- Nalanchira Location in Kerala, India
- Coordinates: 8°33′12″N 76°56′12″E﻿ / ﻿8.5533200°N 76.9367300°E
- Country: India
- State: Kerala
- District: Thiruvananthapuram

Languages
- • Official: Malayalam, English
- Time zone: UTC+5:30 (IST)
- Postal code: 695015
- Telephone code: 0471
- Vehicle registration: KL-01, KL-22

= Nalanchira =

Nalanchira is a suburb of Thiruvananthapuram the capital of Kerala state in India. It is an educational hub of Kerala, situated between Mannanthala and Pananvila. Nalanchira is approximately 8 km from the Thiruvananthapuram railway station and 11 km away from Thiruvananthapuram International Airport. The Main Central Road (MC Road) runs through this place. This middle-class residential locality is famous for its educational and social service institutions. The Nalanchira Bethany Hills were originally owned by a chettiar and was given to Mar Ivanios the founder of Syro-Malankara Catholic (MSC) Church to start an educational institution. The main residential areas are Benedict Nagar, Christian medical centre (CMC) lane, Parakodu lane, Mangalathu Lane, Convent Lane, Rajeev Gandhi Nagar, Puliyoor Gardens, Rose Nagar, Akshaya Gardens, Shawallace Lane, Thattinakam Souhrda Residents Association, Parkanthara Lane, Post Office Lane, Chathiode Lane, Udayannoor Lane, Kurishadi Jn., Anupama Nagar, Kushavarkal Road, Bethany Nagar Lane and Jayamatha Lane.

Christians, Hindus and Muslims live in harmony in Nalanchira.

The major churches are St. Thomas Syro-Malankara Catholic Church, St.Mary's Malankara Orthodox Church and St. Peter CSI Church Nalanchira.
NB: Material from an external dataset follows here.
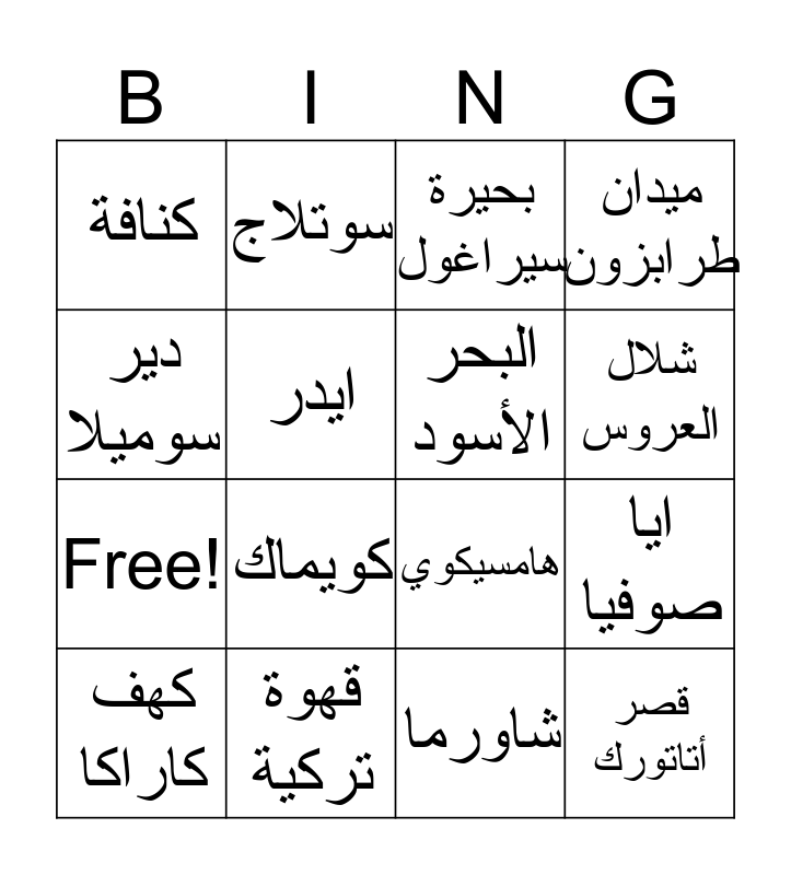 This bingo card has 20 words: ايا صوفيا, ازنغول, بحيرة سيراغول, شاي تركي, كهف كاراكا, دير سوميلا, قهوة تركية, كنافة, Free!, سوتلاج, كويماك, هامسيكوي, ايدر, قصر أتاتورك, البحر الأسود, نهر فارتيني دارسي, شلال العروس, ميدان طرابزون, شاورما and تانتوني.

Bethany Ashram, the first religious congregation in the Syro Malankara Catholic Church, has a house that was established in 1933 by Servant of God Arch Bishop Mar Ivanios OIC. This house is the mother house of the congregation and the Ashram Chapel is considered as the first church in Trivandrum by the Syrian Christian community. Near to Bethany Ashram, there situates the Provincial House of Bethany Navajeevan Province. At Bethany Nagar Lane there is one of the 'Dayaras' of Bethany Ashram which is also the Minor Seminary of the Congregation. Ashram runs the institutions such as Navajeevan Bethany Vidyalaya (School), Bethany Nature Cure Centre, Bethany College of Physiotherapy and Bethany Students Centre (Hostel for boys).

Udiyannur Shiva Temple is one of the main temples, another major temple is the Eravipuram Sri Krishna Swami Temple.T he Uriyadi festival at this temple on the occasion of Janmashtami attracts devotees from all over the country. Udayannur Shiva Temple is unique among the Siva temples by having two Siva temples in the same temple campus. It is one of the oldest Siva temples in the city. Another famous temple is Ezhukanyavoor Devi.

Shri VK Prasanth of Left Democratic Front (LDF) represents Nalanchira in the state legislative assembly which is a part of the Vattiyoorkavu constituency, while Shri Sashi Tharoor represents the area in the Lok Sabha.

Bethany Nature Cure, an ayurvedic treatment and yoga centre, is located here. The Synaxis of the Bethany Ashramam held in the year 1998 decided to divide the congregation into two provinces, namely Bethany Navajeevan Province and Bethany Navajyothi Province (the headquarters) is situated at Bethany Hill, Nalanchira, Trivandrum. The Jayamatha Orphanage, run by Franciscans Christian Missionaries, is also located in Nalanchira.

This suburb is home to several educational institutions such as Mar Ivanios College, Mar Baselios College of Engineering and Technology, Mar Gregorios College of Law, Sarvodaya Vidyalaya, Mar Theophilus teacher training college, Bethany College, St. John's School, St. Goretti’s School, Jaimatha Institutions, Navajeevan School, Hotel Management College and the Institution for Fire and Safety Engineering. Hospitals include KJK Hospital at Shawallace Lane which specialised in infertility treatment.